You are viewing a plain text version of this content. The canonical link for it is here.

Posted to dev@spark.apache.org by Jungtaek Lim <ka...@gmail.com> on 2019/02/26 06:12:51 UTC

[SS] Allowing stream Sink metadata as part of checkpoint?

Hi devs,

I was about to give it a try, but it would relate to DSv2 so decide to
initiate new thread before actual work. I also don't think this should be
along with DSv2 discussion since the change would be minor.

While dealing with SPARK-24295 [1] and SPARK-26411 [2], I feel the needs of
participating sink metadata into checkpoint directory, but unlike source
which metadata directory is provided as subdirectory of checkpoint
directory, sink doesn't receive its own metadata directory.

For example, FileStreamSink creates metadata directory on output directory
- though it is a bit intentional to share between queries - but sometimes
we may want to make it coupled with query checkpoint.

What do you think about passing metadata path to sink (we have only one for
query) so that sink metadata can be coupled with query checkpoint?

Thanks,
Jungtaek Lim (HeartSaVioR)

1. https://issues.apache.org/jira/browse/SPARK-24295
2. https://issues.apache.org/jira/browse/SPARK-26411

Re: [SS] Allowing stream Sink metadata as part of checkpoint?

Posted by Jungtaek Lim <ka...@gmail.com>.

I understand the reason about storing information along with data for
transactional committing, but it mostly makes sense if we store outputs
along with all necessary checkpoint information via transactional manner.
Spark doesn't store query checkpoint along with outputs.

I feel this is regarding who is owner of sink metadata - query, or sink
output. If metadata contains batch id and being used for deduplication, it
seems to be more coupled with query, and it will be a disaster to co-use
metadata in other query, or when checkpoint and sink metadata doesn't sync.

One example is SPARK-26411 [1] as I mentioned - if we remove checkpoint as
suggested and rerun the query with same sink output then data loss happens.
Deduplication is based on the fact the output of each batch will be always
same, but when we remove checkpoint the fact is simply broken.

I'm also seeing the other case sink output should be owner of sink
metadata, FileStreamSink, but due to the nature of this, metadata can't be
purged (as query cannot purge it - don't know which queries are also
accessing) and some of end users who suffered on growing metadata reported
to the issue SPARK-24295 [2].

So I'm considering both things together and finding a way to deal with them.

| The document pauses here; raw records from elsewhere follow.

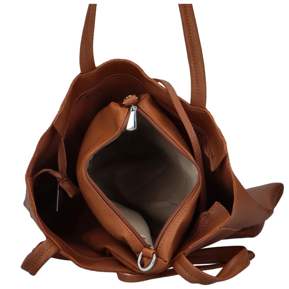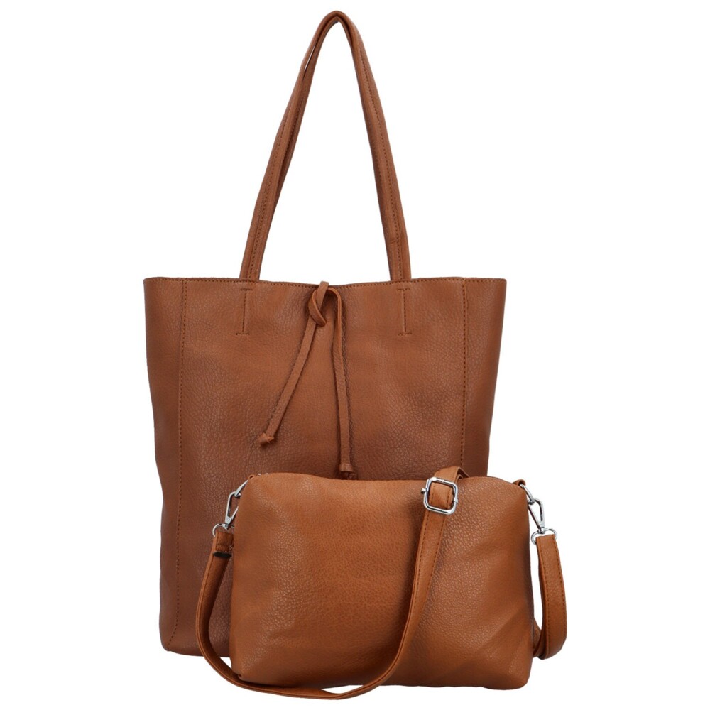 Sada hnedých koženkových kabeliek na každodenné nosenie. Coveri. Väčšia kabelka jednoduchého vzhľadu, ktorý oživuje jemná sťahovacia šnúrka pre lepšie zabezpečenie hlavného vrecka na zips. Menšia kabelka poslúži ako vrecko, alebo ako crossbody po pripnutí dlhého popruhu s možnosťou regulácie. Vďaka jemnej koženke sú tašky veľmi ľahké a príjemné. Môžete ich využiť do mesta, do školy, do práce aj na nákup. Jednoduchý štýl dopĺňa strieborné kovanie. Objednajte ešte dnes a vyskúšajte! Vrátiť ju môžete až do 30 dní!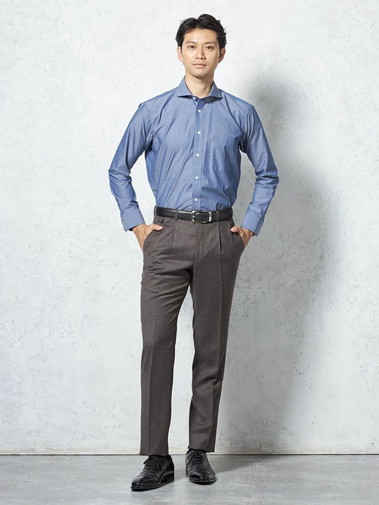 あわせるアイテムを選ばない定番のカラー、オフィスはもちろん休日のきれいめスタイルにもおすすめです。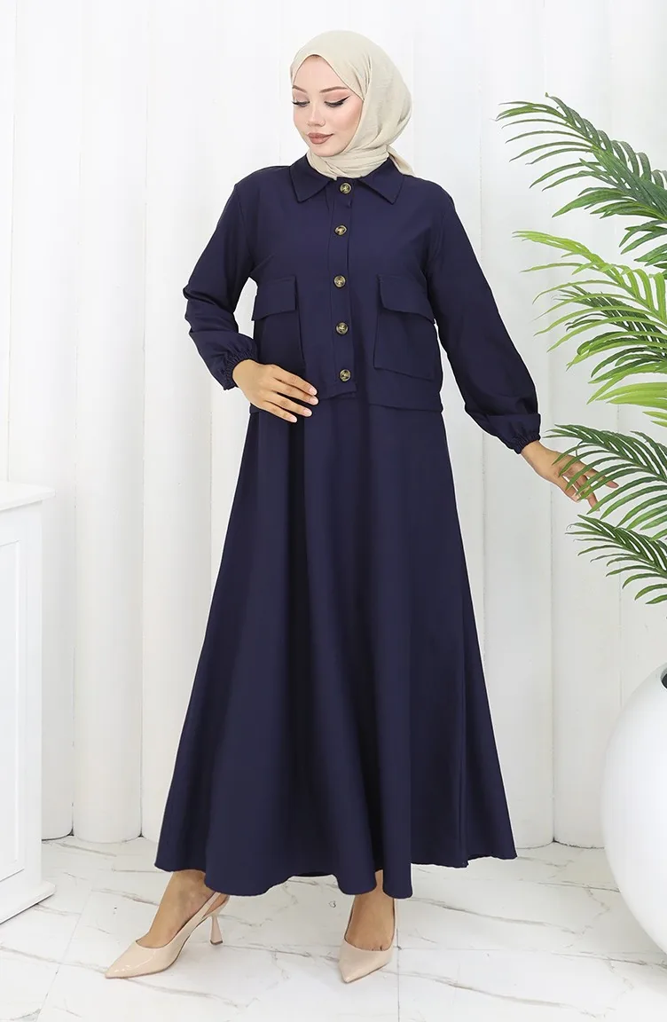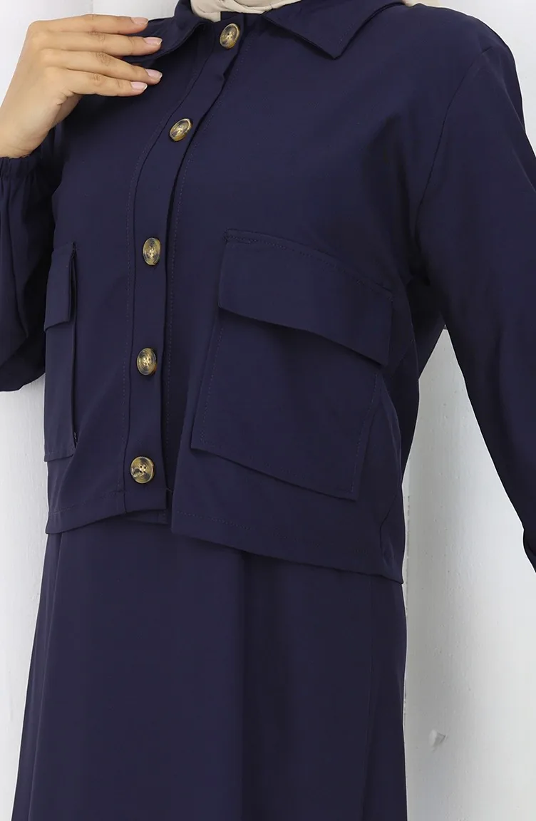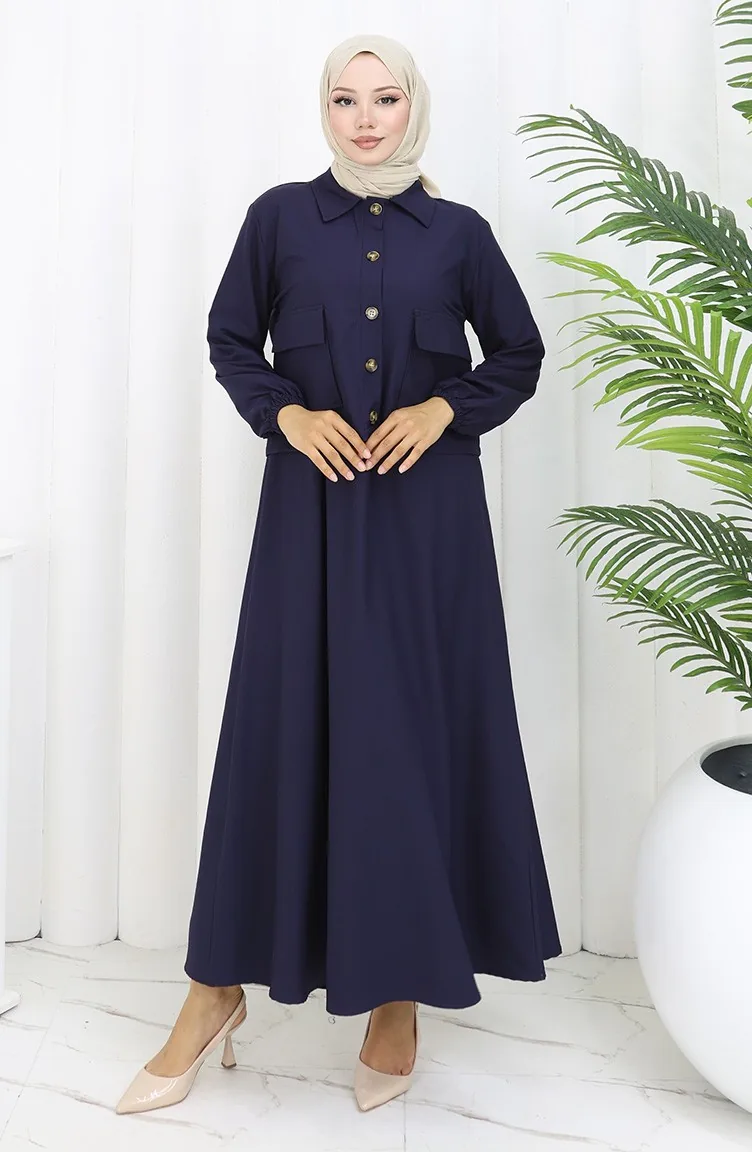 Couleur Bleu Marine. Tissu de coton. Simple. Avec boutons. Manches élastiques. Col Chemise. Adapté pour les 4 saisons. Option de grande taille disponible.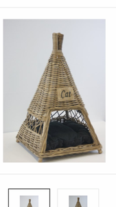 Cat house, cone-shaped, we named it Apache as an Indian house, a quite unique model, made of koboo rattan, very comfortable for your beloved cat.
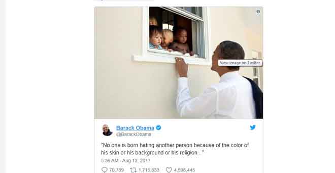 इस मामले में ट्रंप को अपने पूर्ववर्ती बराक ओबामा से मात खानी पड़ी है। ओबामा के तीन ट्वीट रिट्वीट किए गए शीर्ष दस संदेशों में जगह बनाने में सफल रहे हैं। ट्विटर ने बताया है कि ट्रंप उन नेताओं में चुने गए हैं जिनके बारे में सबसे ज्यादा इस साल ट्वीट किए गए। ओबामा के निजी ट्विटर अकाउंट से किए गए ट्वीट को सबसे ज्यादा करीब चार करोड़ 60 लाख ‘‘लाइक्स” मिले थे। यह ट्वीट उस दिन किया गया था जिस दिन वर्जीनिया के शारलोट्सविले में श्वेतों को सर्वश्रेष्ठ मानने वालों की हिंसक रैली हुई थी।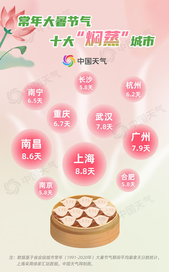 中国天气网通过盘点1991年至2020年的平均桑拿天日数发现,“焖蒸”十城全部位于南方,其中,上海(徐家汇站)大暑期间的桑拿天日数高达8.8天,为“焖蒸”之最,南昌和广州以8.6天和7.9天位列二三位。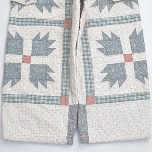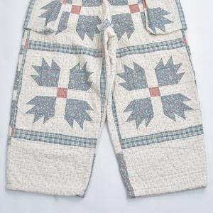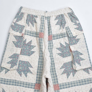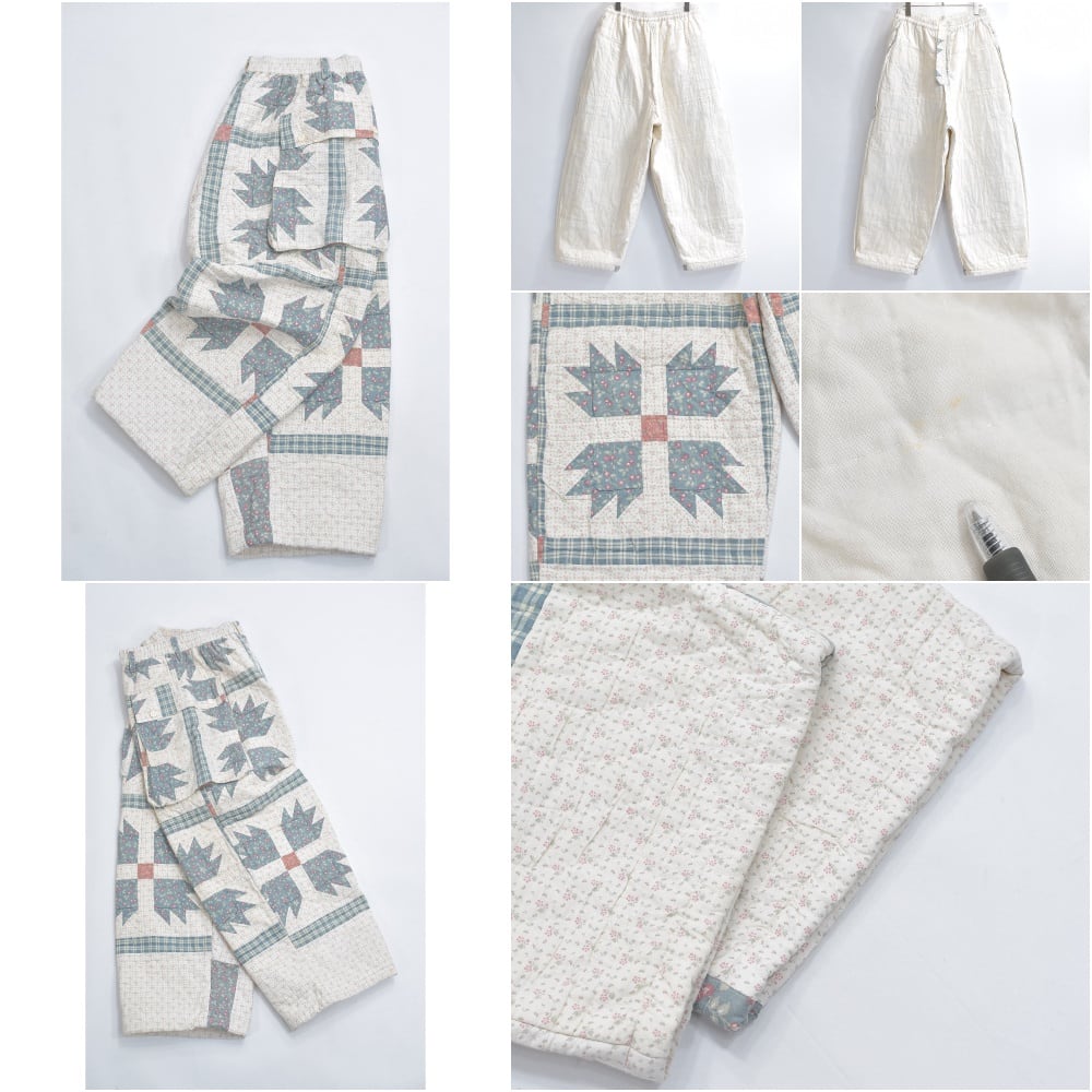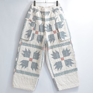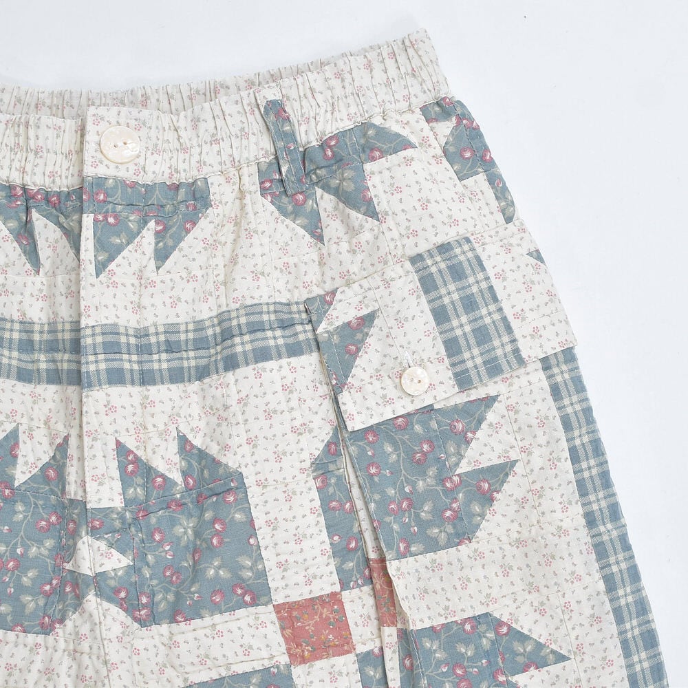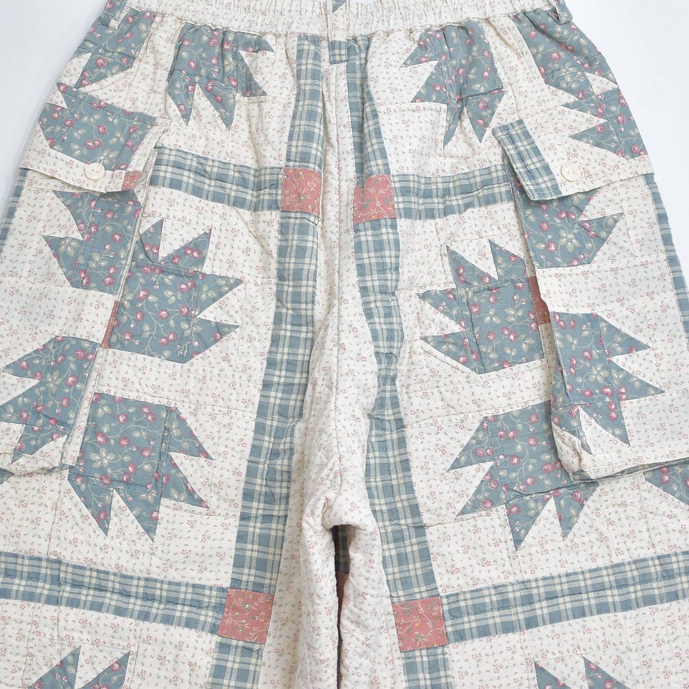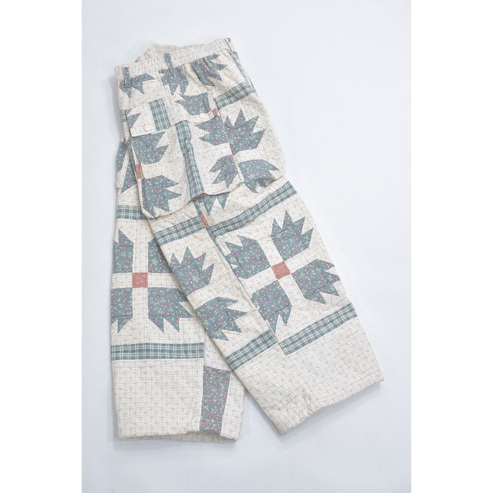 可愛らしいお花が描かれた生地や淡いチェックパターンの生地を使ったパッチワークキルトの生地を、カーゴポケット付きのボトムスに再構築したリメイクパンツ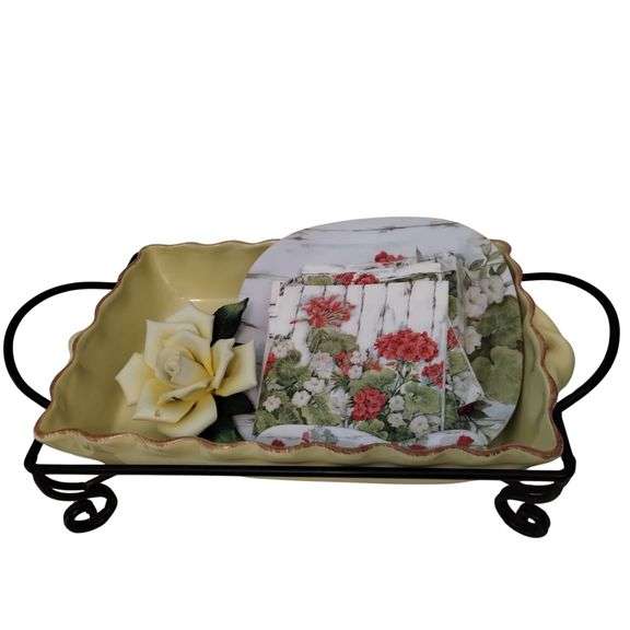 LOT 84 - Park Designs Porcelain 9x13 Dish Keller Charles Floral Plate Napkins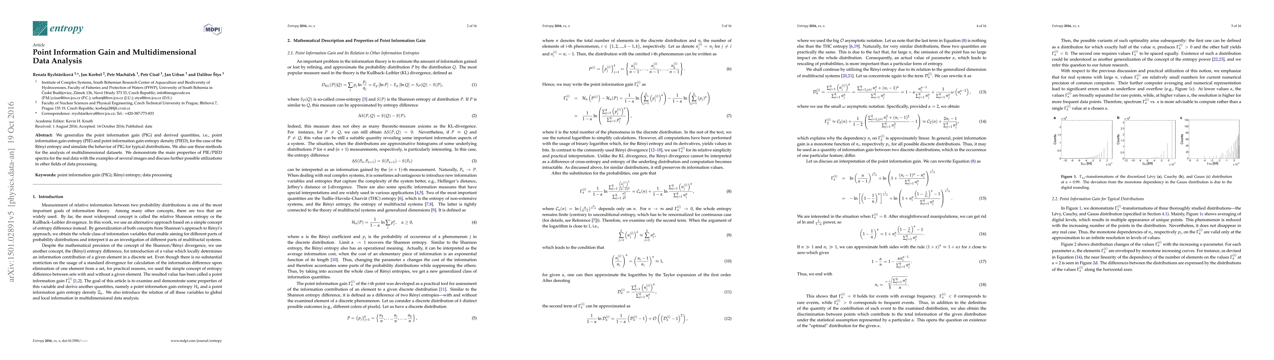 We generalize the Point information gain (PIG) and derived quantities, i.e. Point information entropy (PIE) and Point information entropy density (PIED), for the case of R\'enyi entropy and simulate the behavior of PIG for typical distributions. We also use these methods for the analysis of multidimensional datasets. We demonstrate the main properties of PIE/PIED spectra for the real data on the example of several images, and discuss possible further utilization in other fields of data processing.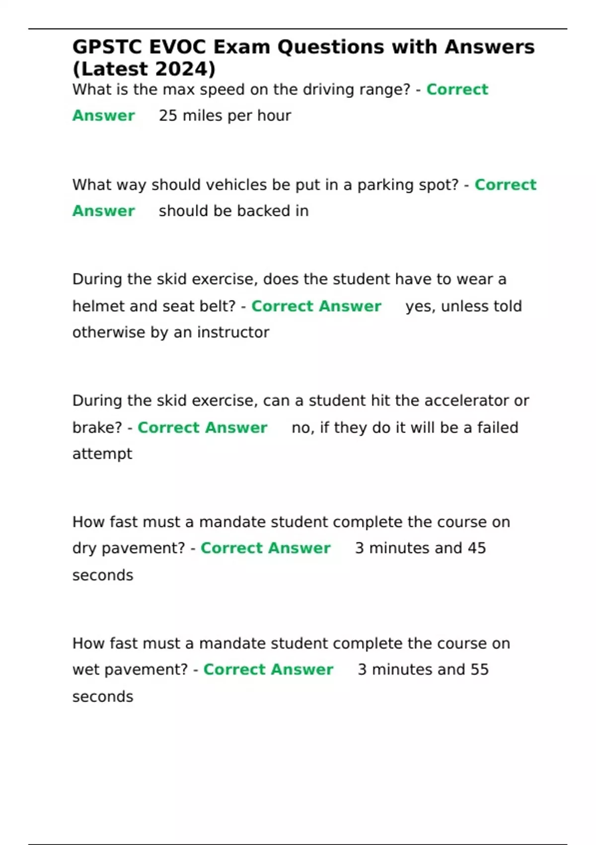 GPSTC EVOC Exam Questions with Answers (Latest 2024)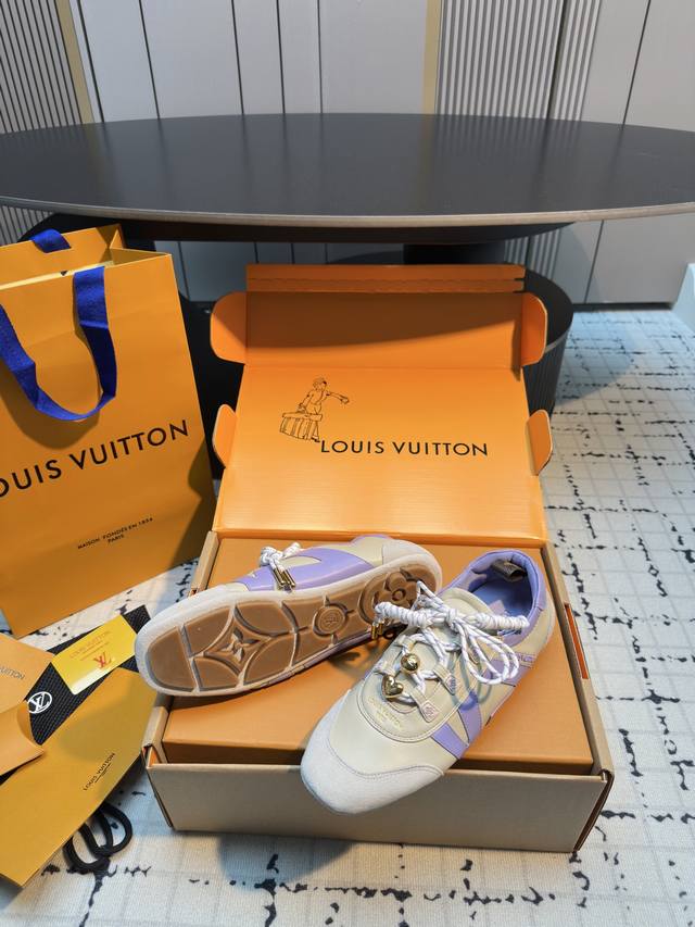 Louis Vuitton 2025春夏走秀高定Run55经典系列果冻色系带休闲运动女跑鞋 Lv 字母Logo厚底拼色老爹鞋 材质:鞋面进口小牛皮 环保透气3D

-Jungtaek Lim (HeartSaVioR)

1. https://issues.apache.org/jira/browse/SPARK-26411
2. https://issues.apache.org/jira/browse/SPARK-24295

2019년 2월 26일 (화) 오후 4:28, Arun Mahadevan <ar...@apache.org>님이 작성:

> Unless its some sink metadata to be maintained by the framework (e.g sink
> state that needs to be passed back to the sink etc), would it make sense
> to keep it under the checkpoint dir ?
>
> Maybe I am missing the motivation of the proposed approach but I guess
> the sink mostly needs to store the last seen batchId to discard duplicate
> data during a batch replay. It would be ideal
> for the sink to store this information in the external store (along with
> the data) for de-duplication to work correctly.
>
> Thanks,
> Arun
>
>
>
> On Mon, 25 Feb 2019 at 22:13, Jungtaek Lim <ka...@gmail.com> wrote:
>
>> Hi devs,
>>
>> I was about to give it a try, but it would relate to DSv2 so decide to
>> initiate new thread before actual work. I also don't think this should be
>> along with DSv2 discussion since the change would be minor.
>>
>> While dealing with SPARK-24295 [1] and SPARK-26411 [2], I feel the needs
>> of participating sink metadata into checkpoint directory, but unlike source
>> which metadata directory is provided as subdirectory of checkpoint
>> directory, sink doesn't receive its own metadata directory.
>>
>> For example, FileStreamSink creates metadata directory on output
>> directory - though it is a bit intentional to share between queries - but
>> sometimes we may want to make it coupled with query checkpoint.
>>
>> What do you think about passing metadata path to sink (we have only one
>> for query) so that sink metadata can be coupled with query checkpoint?
>>
>> Thanks,
>> Jungtaek Lim (HeartSaVioR)
>>
>> 1. https://issues.apache.org/jira/browse/SPARK-24295
>> 2. https://issues.apache.org/jira/browse/SPARK-26411
>>
>>

Re: [SS] Allowing stream Sink metadata as part of checkpoint?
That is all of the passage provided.